Coordinated by Ceres, Food Emissions 50 will involve institutional investors from around the world who claim to be committed to driving the transparent corporate climate action necessary to achieve the Paris Agreement goal, to limit global temperature rise to no more than 1.5 °C. 

As part of the launch, Ceres published an investor statement of support and the list of the 50 focus companies that it aims to engage with, as part of Food Emissions 50. Investor signatories to the initiative will seek commitments from the companies’ boards and senior management to disclose greenhouse gas emissions across its entire value chain and set science-based emission reduction targets aligned with 1.5 °C, develop and disclose climate transition plans for reducing emissions in line with what is needed to limit warming to 1.5 °C, and implement the actions identified in those plans and disclose progress.

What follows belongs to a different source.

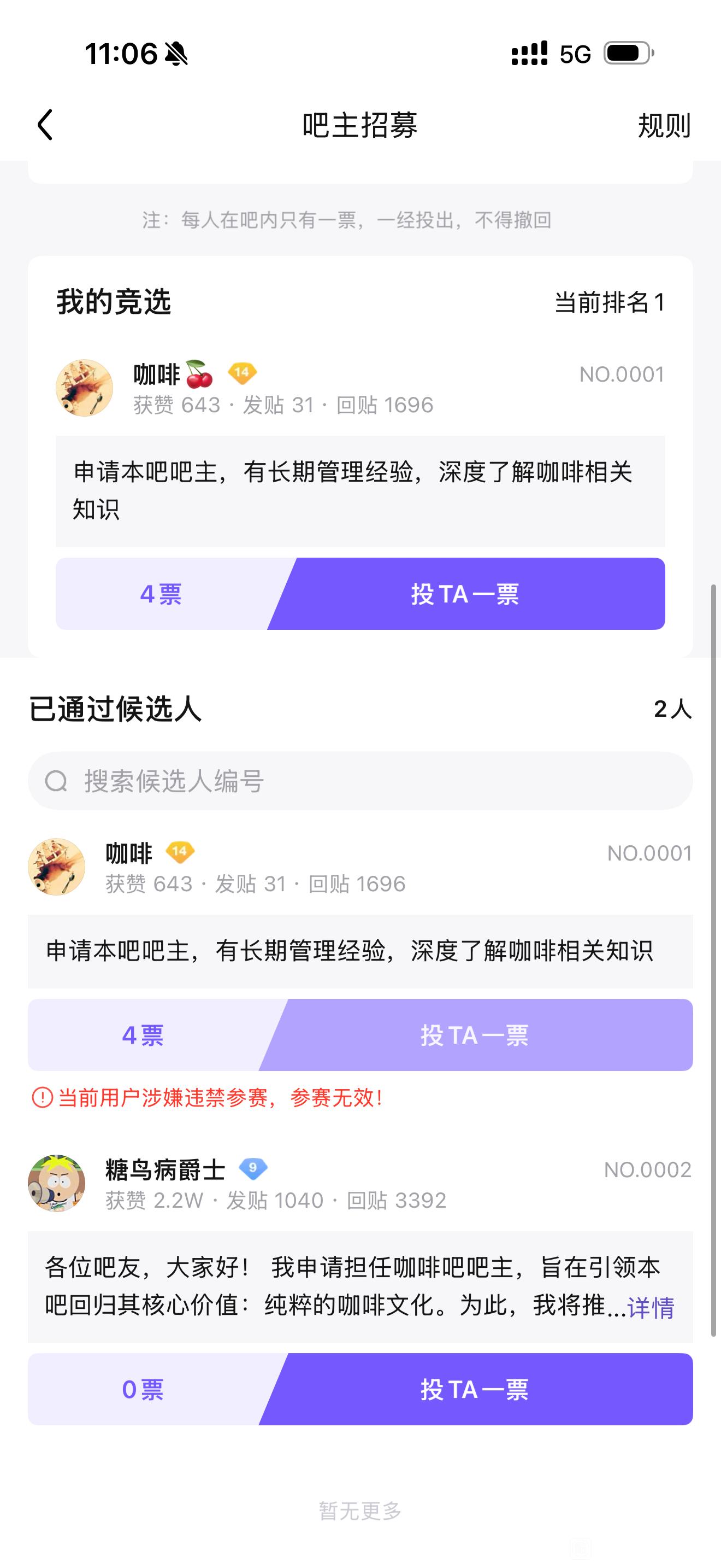 贴吧吧主吧 【11-19+|+求助咨询】竞选违规是什么意思?tid:102260271022025/11/19 11:48:13191872 5 0楼主:风残晓露晨难依 咖啡最后回复:从GV拆分没想到没地😲😳2025/12/06 10:28:401楼pid:1528750203602025/11/19 11:48:13风残晓露晨难依咖啡 楼主 1级 吧友愿意给我投票也不行吗2楼1条pid:1528750402242025/11/19 11:53:58贴吧爱欢迎关注常驻1级 是的,你违规卸任吧主,要三个月以后才可以申请风残晓露晨难依 咖啡 楼主 1级 那就不要通过我的申请啊3楼pid:1528750411992025/11/19 11:54:16贴吧爱欢迎关注常驻1级 正常考核不通过是可以掉了以后立即申请4楼pid:1528750432062025/11/19 11:54:50单身保平安吧๑◔㉨◔ิ๑8级 应该是之前因为违规被贴吧处罚撤销吧主,所以一段时间内不能上任5楼pid:1528750538212025/11/19 11:57:56菩提不是罪3级 多了解贴吧知识6楼pid:1528751378392025/11/19 12:23:55雪宫冰花10级 7楼1条pid:1528751997292025/11/19 12:42:49乐观的hddhh古今來9级 这是哪个吧,这个id 好眼熟风残晓露晨难依 咖啡 楼主 1级 咖啡8楼pid:1528752270802025/11/19 12:51:20pikemm︀皮克猪9级 你这是被卸任以后用同一个号竞选吗9楼5条pid:1528755263962025/11/19 14:24:58vvhvgdhcdd悟往追来12级 因为你是因为违规被下任吧主的 吧主因违规下任的 180天不允许再次上任 这个时候去参选就属于违禁参赛koiyuig 卡蜜儿重生之陆之昂!3级 问一下投诉吧主怎么投诉是在吧里发帖子艾特吧主或者是你吗?vvhvgdhcdd 悟往追来 层主 12级 回复 卡蜜儿重生之陆之昂! :就在吧简介里面投诉就行 在哪个渠道都一样回复 卡蜜儿重生之陆之昂! :个人投诉吧主基本上不会成功 处罚吧主触碰红线或者大批量用户举报才会下任回复 卡蜜儿重生之陆之昂! :个人投诉吧主基本上不会成功 除非吧主触碰红线或者被大批量用户举报才会下任koiyuig 卡蜜儿重生之陆之昂!3级 唉谢谢10楼pid:1528755284192025/11/19 14:25:32vvhvgdhcdd悟往追来12级 符合申请要求 就可以申请吧主 但是未满180天 不允许上任11楼pid:1528759423682025/11/19 16:25:48初瑞雪rx书拭3级 12楼pid:1529249686742025/12/02 09:55:42从GV拆分齐天大圣之混世魔王10级 13楼pid:1529413151962025/12/06 10:28:40从GV拆分齐天大圣之混世魔王10级

The analysis suggests most of the 50 food sector companies are lagging in key areas necessary to increase the ambition of their climate transition action plans as it found 70 percent of the 50 companies do not disclose emissions from agriculture, and over 80 percent from land use change. In addition, more than 60 percent do not include any scope 3 emissions in their emission reduction targets. 

Food Emissions 50 builds on the work of Climate Action 100+the Global Investor Engagement on Meat Sourcing, and other engagement initiatives, and sets focus on an expanded list of companies and deeper engagements with the value and supply chains of those companies – to address scope 3 emissions.

Ceres says Food Emissions 50 is part of a larger effort to decarbonise six of the highest-emitting sectors that contribute to almost 80 percent of all global greenhouse gas emissions.